1-year DAPT remains standard of care for ACS patients undergoing PCI
Patients with acute coronary syndrome (ACS) who received a 6-month course of dual antiplatelet therapy (DAPT) following percutaneous coronary intervention (PCI) fared similarly to those who received the standard ≥12-month DAPT course with regards to incidence of major adverse cardiovascular and cerebrovascular events 18 months post-procedure, according to results from the SMART-DATE* trial. However, a higher incidence of myocardial infarction (MI) with 6-month DAPT precludes it from replacing the standard course.
“[Six]-month DAPT was noninferior to 12-month or longer DAPT for the primary composite endpoint of all-cause death, MI, or stroke at 18 months after the index procedure. However, the rate of MI was significantly higher in the 6-month DAPT group than in the 12-month or longer group,” said the researchers led by Professor Hyeon-Cheol Gwon, director of the cardiac centre at Samsung Medical Center, Seoul, South Korea.
“Based on our findings, we can’t say that short-term DAPT is safe in patients with ACS who have received drug-eluting stents. We conclude that current guidelines that recommend prolonged DAPT in patients with ACS who are not at excessive risk for bleeding should continue to be followed,” Gwon said.
In this prospective, multicentre, open-label trial conducted in Korea, 2,712 patients (median age 62 years, 75 percent male) with ACS who had undergone PCI with drug-eluting stents were randomized to receive DAPT for 6 months (aspirin [100 mg QD] plus a P2Y12 inhibitor** for 6 months followed by aspirin only; n=1,357) or the guideline-recommended DAPT course (aspirin plus a P2Y12 inhibitor for ≥12 months; n=1,355). Patients received oral doses of aspirin (300 mg) and loading doses of clopidogrel (300 or 600 mg) ≥12 hours prior to the PCI.

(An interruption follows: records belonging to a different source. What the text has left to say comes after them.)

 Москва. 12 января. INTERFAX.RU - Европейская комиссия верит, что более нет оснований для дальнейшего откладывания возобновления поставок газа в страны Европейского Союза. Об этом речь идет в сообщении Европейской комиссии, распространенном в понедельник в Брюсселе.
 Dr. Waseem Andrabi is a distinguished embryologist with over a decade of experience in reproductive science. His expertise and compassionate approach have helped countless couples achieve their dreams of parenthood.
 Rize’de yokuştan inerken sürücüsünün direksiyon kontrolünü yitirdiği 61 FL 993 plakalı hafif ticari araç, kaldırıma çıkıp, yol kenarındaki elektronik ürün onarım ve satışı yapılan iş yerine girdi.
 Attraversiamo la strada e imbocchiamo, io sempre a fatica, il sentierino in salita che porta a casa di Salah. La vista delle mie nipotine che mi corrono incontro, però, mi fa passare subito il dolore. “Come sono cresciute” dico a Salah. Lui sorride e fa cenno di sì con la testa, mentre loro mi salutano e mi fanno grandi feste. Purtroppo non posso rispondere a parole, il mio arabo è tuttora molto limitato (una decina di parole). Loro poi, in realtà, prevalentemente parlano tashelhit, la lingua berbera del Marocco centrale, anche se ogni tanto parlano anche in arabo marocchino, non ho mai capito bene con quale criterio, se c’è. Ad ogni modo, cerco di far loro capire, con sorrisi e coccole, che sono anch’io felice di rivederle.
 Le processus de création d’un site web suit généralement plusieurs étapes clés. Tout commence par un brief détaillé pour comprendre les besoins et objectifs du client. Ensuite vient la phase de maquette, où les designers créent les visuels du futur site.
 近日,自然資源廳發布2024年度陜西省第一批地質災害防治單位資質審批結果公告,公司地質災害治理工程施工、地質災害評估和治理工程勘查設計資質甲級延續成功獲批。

At 18 months following PCI, the incidence of a composite of all-cause death, MI, or stroke was comparable between patients on 6 and ≥12-month DAPT (4.7 percent vs 4.2 percent, absolute risk difference, 0.5 percent; p=0.03 for noninferiority; predefined noninferiority margin of 2.0 percent). [ACC.18, abstract 18-LB-18938-ACC; Lancet 2018;doi:10.1016/S0140-6736(18)30493-8]
Similar results were observed between patients on 6 and ≥12-month DAPT for all-cause death (2.6 percent vs 2.9 percent, hazard ratio [HR], 0.90; p=0.90), stroke (0.8 percent vs 0.9 percent, HR, 0.92; p=0.84), and stent thrombosis (1.1 percent vs 0.7 percent, HR, 1.50; p=0.32) at 18 months.
Conversely, the 6-month DAPT course was associated with a higher incidence of MI compared with the ≥12-month course (1.8 percent vs 0.8 percent, HR, 2.41; p=0.02). The increase was particularly significant between months 6 and 18 following PCI, the period when treatment differed between the groups.
While the risk of bleeding*** was also comparable between the 6-month and ≥12-month groups (2.7 percent vs 3.9 percent, HR, 0.69; p=0.09), there was a trend towards a higher bleeding risk among patients receiving more potent P2Y12 inhibitors compared with clopidogrel, regardless of treatment duration (HR, 1.54; p=0.08).
Shorter course not a substitute for current standard of care
“[P]atients with ACS carry a higher risk of recurrent ischaemic events than do those with stable ischaemic heart disease … to improve outcomes for patients with ACS, defining the optimal or minimal necessary duration of DAPT is of great importance,” said Gwon and co-authors, who pointed out the dearth of data on optimal duration of therapy.
“Until a large prospective trial shows the safety of short-term DAPT in patients with ACS undergoing PCI, guidelines recommending prolonged DAPT in patients with ACS without excessive risk of bleeding should be upheld,” they said.
The authors acknowledged limitations such as the open-label trial design, the considerable crossover rate among patients in the 6-month DAPT group, and the use of clopidogrel as the most common P2Y12 inhibitor. They also cautioned that these findings only pertain to patients with ACS who underwent PCI with current generation drug-eluting stents.